А вот совсем приятное зрелище: Керенский задом наперед вылетает из Зимнего дворца — давно пора, — вскакивает на стол и напыщенно говорит рабочим: «Товарищи! Если я вас покину — вы можете убить меня своими руками! До самой смерти я с вами».
Соврал, каналья. Как иногда полезно пустить ленту в обратную сторону!
Быстро промелькнула февральская революция. Забавно видеть, как пулеметные пули вылетали из тел лежащих людей, как влетали они обратно в дуло пулеметов, как вскакивали мертвые и бежали задом наперед, размахивая руками.
Крути, Митька, крути!
Вылетел из царского дворца Распутин и покатил к себе в Тюмень. Лента-то ведь обратная.

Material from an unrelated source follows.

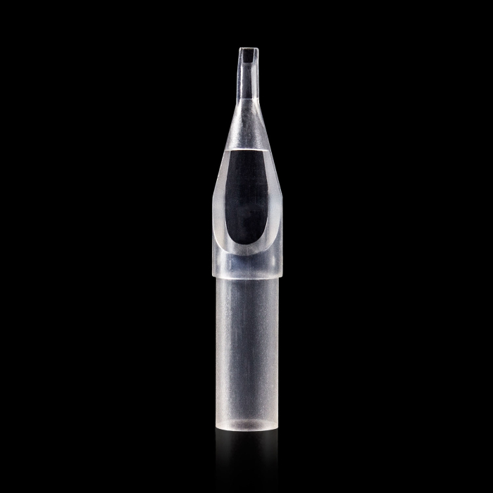 Pakke med 50 Killer Ink PREMIUM Clear engangs Flat Tips. De er individuelt pakket i steril blisterpakning. Tip'en er gennemsigtig, så du kan lettere se nål og blæk.

Жизнь все дешевле и дешевле… На рынках масса хлеба, мяса и всякого съестного дрязгу.
А вот и ужасная война тает, как кусок снега на раскаленной плите; мертвые встают из земли и мирно уносятся на носилках обратно в свои части. Мобилизация быстро превращается в демобилизацию, и вот уже Вильгельм Гогенцоллерн стоит на балконе перед своим народом, но его ужасные слова, слова паука-кровопийцы об объявлении войны, не вылетают из уст, а, наоборот, глотает он их, ловя губами в воздухе. Ах, чтоб ты ими подавился!..
Митька, крути, крути, голубчик!
Быстро мелькают поочередно четвертая Дума, третья, вторая, первая, и вот уже на экране четко вырисовываются жуткие подробности октябрьских погромов.
Но, однако, тут это не страшно. Громилы выдергивают свои ножи из груди убитых, те шевелятся, встают и убегают, летающий в воздухе пух аккуратно сам слетается в еврейские перины, и все принимает прежний вид.
А что это за ликующая толпа, что за тысячи шапок, летящих кверху, что это за счастливые лица, по которым текут слезы умиления?!
Почему незнакомые люди целуются, черт возьми!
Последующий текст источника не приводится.